Materials provided:
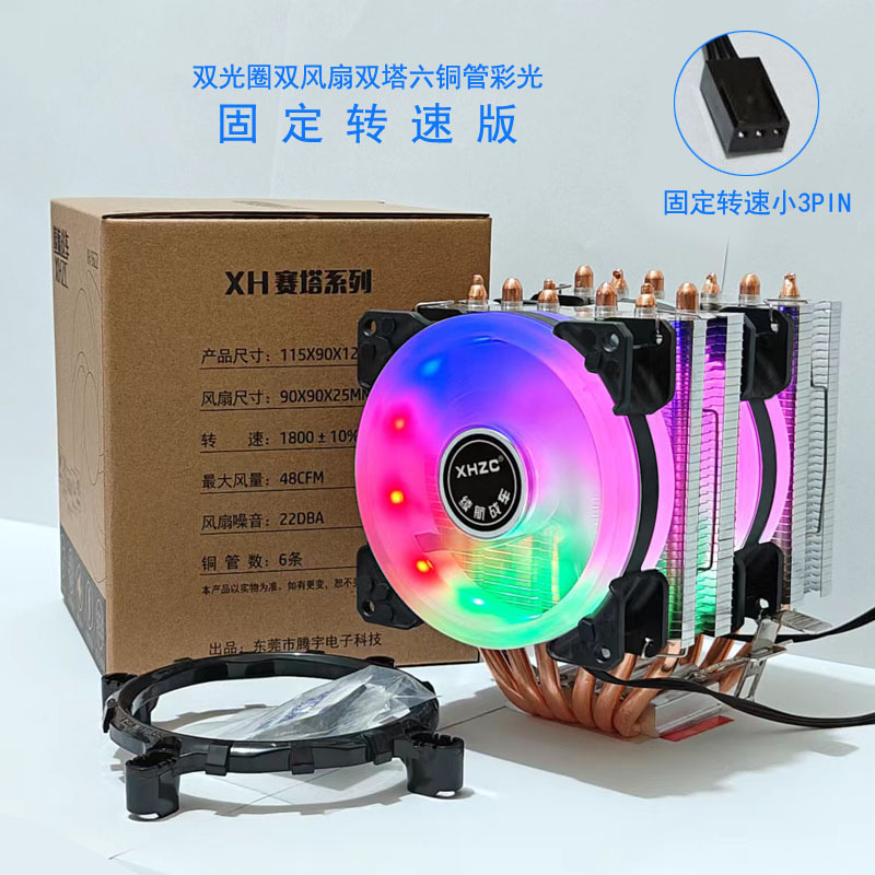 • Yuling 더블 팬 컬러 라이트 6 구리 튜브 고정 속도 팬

==

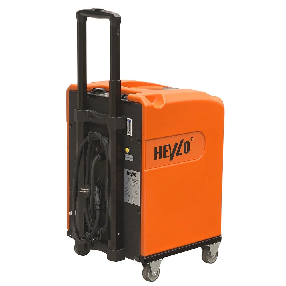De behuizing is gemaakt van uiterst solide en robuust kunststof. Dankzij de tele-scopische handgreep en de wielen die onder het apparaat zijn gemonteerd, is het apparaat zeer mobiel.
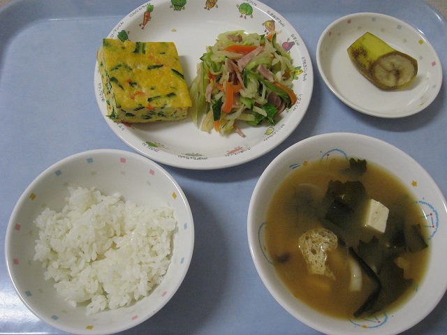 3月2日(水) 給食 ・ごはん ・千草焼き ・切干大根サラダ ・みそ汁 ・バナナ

* * *

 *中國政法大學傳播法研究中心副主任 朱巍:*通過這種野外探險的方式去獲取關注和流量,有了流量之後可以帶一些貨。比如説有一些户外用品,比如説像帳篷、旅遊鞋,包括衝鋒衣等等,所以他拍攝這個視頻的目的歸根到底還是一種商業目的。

Directions for this task: Could you output exactly the lines above, from the line with "De behuizing is" up to and including the line with "3月2日(水) 給食 ・ごはん ・千草焼き ・切干大根サラダ ・みそ汁 ・バナナ", and nothing else, skipping the pictures?

Solution for this task:
De behuizing is gemaakt van uiterst solide en robuust kunststof. Dankzij de tele-scopische handgreep en de wielen die onder het apparaat zijn gemonteerd, is het apparaat zeer mobiel.
 3月2日(水) 給食 ・ごはん ・千草焼き ・切干大根サラダ ・みそ汁 ・バナナ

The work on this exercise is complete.